> Data excerpt
*** Block opens ***
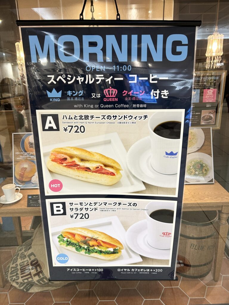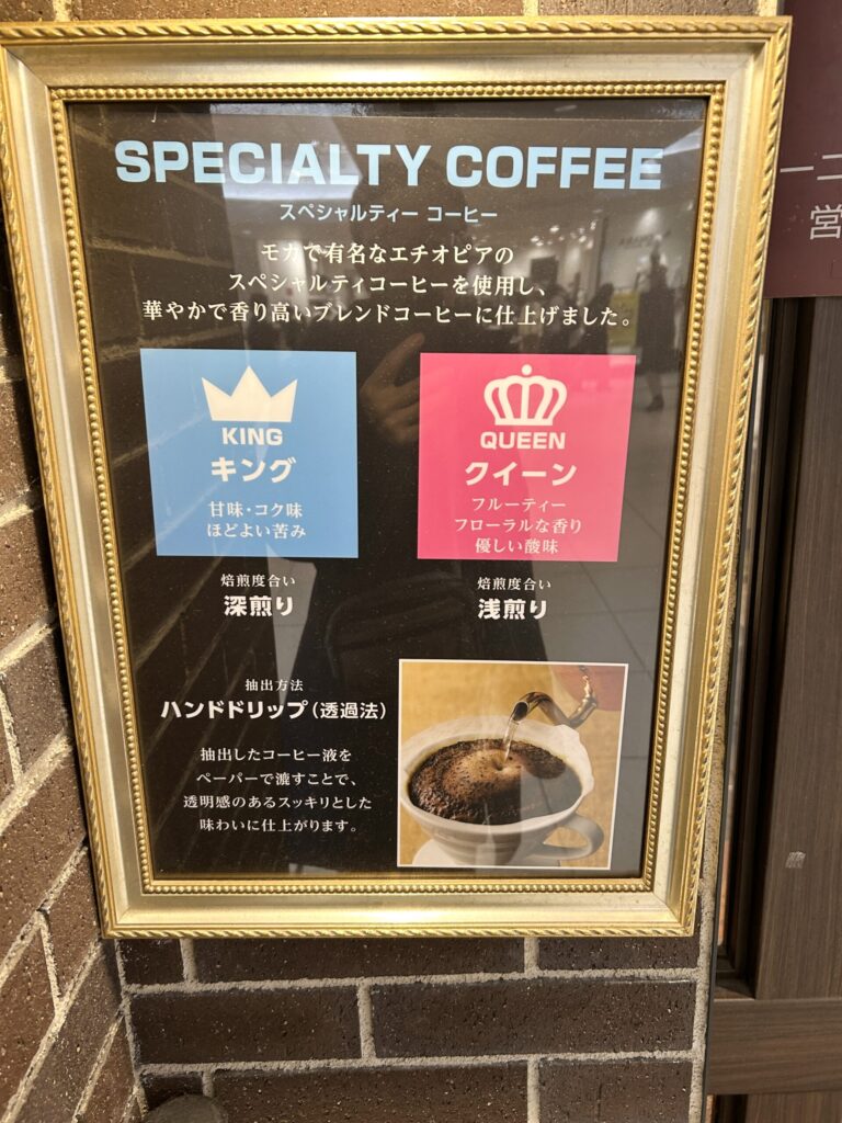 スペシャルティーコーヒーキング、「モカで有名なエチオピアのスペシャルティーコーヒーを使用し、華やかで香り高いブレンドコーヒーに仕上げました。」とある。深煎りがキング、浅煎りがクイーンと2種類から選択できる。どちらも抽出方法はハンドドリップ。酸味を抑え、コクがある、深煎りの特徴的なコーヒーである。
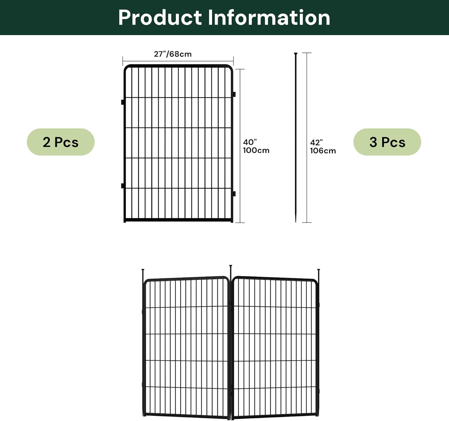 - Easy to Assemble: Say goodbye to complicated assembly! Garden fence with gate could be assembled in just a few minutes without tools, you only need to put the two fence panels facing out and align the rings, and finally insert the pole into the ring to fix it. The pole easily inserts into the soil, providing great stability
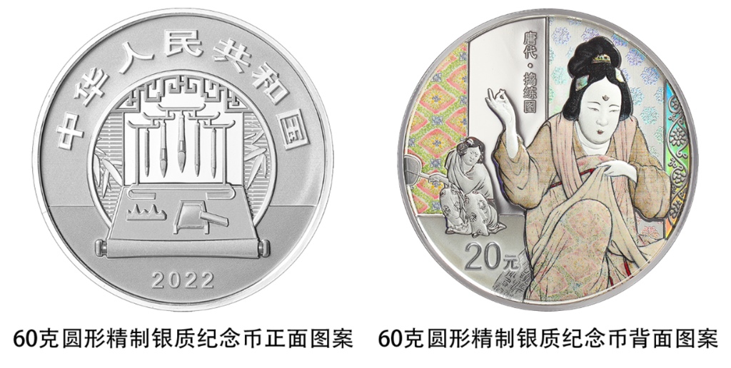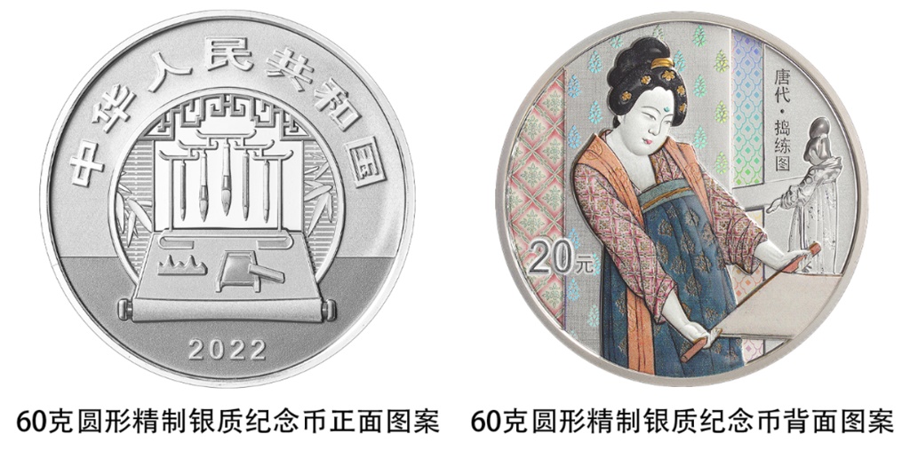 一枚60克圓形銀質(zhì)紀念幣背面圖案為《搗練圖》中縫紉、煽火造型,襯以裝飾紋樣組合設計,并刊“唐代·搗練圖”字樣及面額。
*** Block closes ***
> How to complete this task
Leaving aside the pictures, copy the listing above exactly.

> Written solution
 スペシャルティーコーヒーキング、「モカで有名なエチオピアのスペシャルティーコーヒーを使用し、華やかで香り高いブレンドコーヒーに仕上げました。」とある。深煎りがキング、浅煎りがクイーンと2種類から選択できる。どちらも抽出方法はハンドドリップ。酸味を抑え、コクがある、深煎りの特徴的なコーヒーである。
 - Easy to Assemble: Say goodbye to complicated assembly! Garden fence with gate could be assembled in just a few minutes without tools, you only need to put the two fence panels facing out and align the rings, and finally insert the pole into the ring to fix it. The pole easily inserts into the soil, providing great stability
 一枚60克圓形銀質(zhì)紀念幣背面圖案為《搗練圖》中縫紉、煽火造型,襯以裝飾紋樣組合設計,并刊“唐代·搗練圖”字樣及面額。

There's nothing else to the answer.